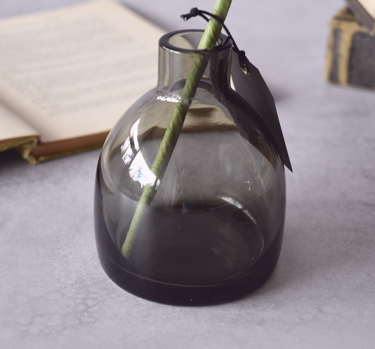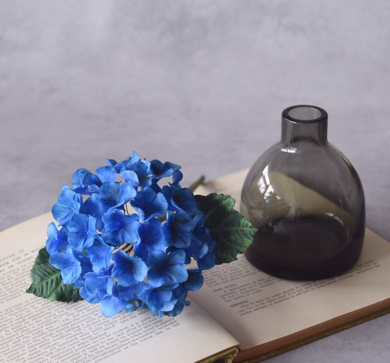 ダークなブラックカラーが秋色紫陽花のアンティークな色合いとマッチするオシャレなガラスベースです。
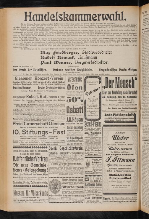 Freitag, d. 15. Nov. 1912, abends 8 Uhr:
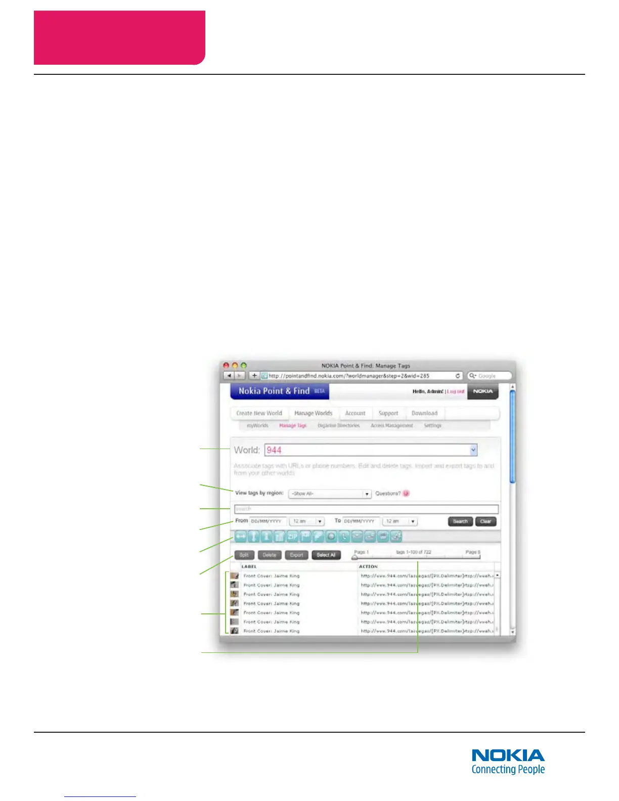Manage Tags page
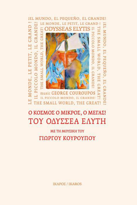 Την Πέμπτη 9 Νοεμβρίου στις 19:00, το Institut Français de Grèce, το British Council, το Instituto Cervantes de Atenas, το Istituto Italiano di Cultura di Atene και οι εκδόσεις Ίκαρος, σας προσκαλούν στη παρουσίαση της έκδοσης «Ο κόσμος ο μικρός, ο μέγας!» του Οδυσσέα Ελύτη με τη μουσική του Γιώργου Κουρουπού, που θα πραγματοποιηθεί στο Auditorium Theo Angelopoulos του Γαλλικού Ινστιτούτου. Την έκδοση θα παρουσιάσει ο David Connolly. Θα μιλήσουν οι: Ιουλίτα Ηλιοπούλου, Γιώργος Κουρουπός, Κατερίνα Καρύδη.Ποιήματα στις διαφορετικές γλώσσες θα διαβάσουν οι:David Connolly, Paola Maria Minucci, Béatrice Stellio Connolly, Νίνα Αγγελίδου.

### What to do
Copy the lines above exactly. Do not include pictures.

### Answer to the exercise
 ダークなブラックカラーが秋色紫陽花のアンティークな色合いとマッチするオシャレなガラスベースです。
 Freitag, d. 15. Nov. 1912, abends 8 Uhr:
Manage Tags page
 Την Πέμπτη 9 Νοεμβρίου στις 19:00, το Institut Français de Grèce, το British Council, το Instituto Cervantes de Atenas, το Istituto Italiano di Cultura di Atene και οι εκδόσεις Ίκαρος, σας προσκαλούν στη παρουσίαση της έκδοσης «Ο κόσμος ο μικρός, ο μέγας!» του Οδυσσέα Ελύτη με τη μουσική του Γιώργου Κουρουπού, που θα πραγματοποιηθεί στο Auditorium Theo Angelopoulos του Γαλλικού Ινστιτούτου. Την έκδοση θα παρουσιάσει ο David Connolly. Θα μιλήσουν οι: Ιουλίτα Ηλιοπούλου, Γιώργος Κουρουπός, Κατερίνα Καρύδη.Ποιήματα στις διαφορετικές γλώσσες θα διαβάσουν οι:David Connolly, Paola Maria Minucci, Béatrice Stellio Connolly, Νίνα Αγγελίδου.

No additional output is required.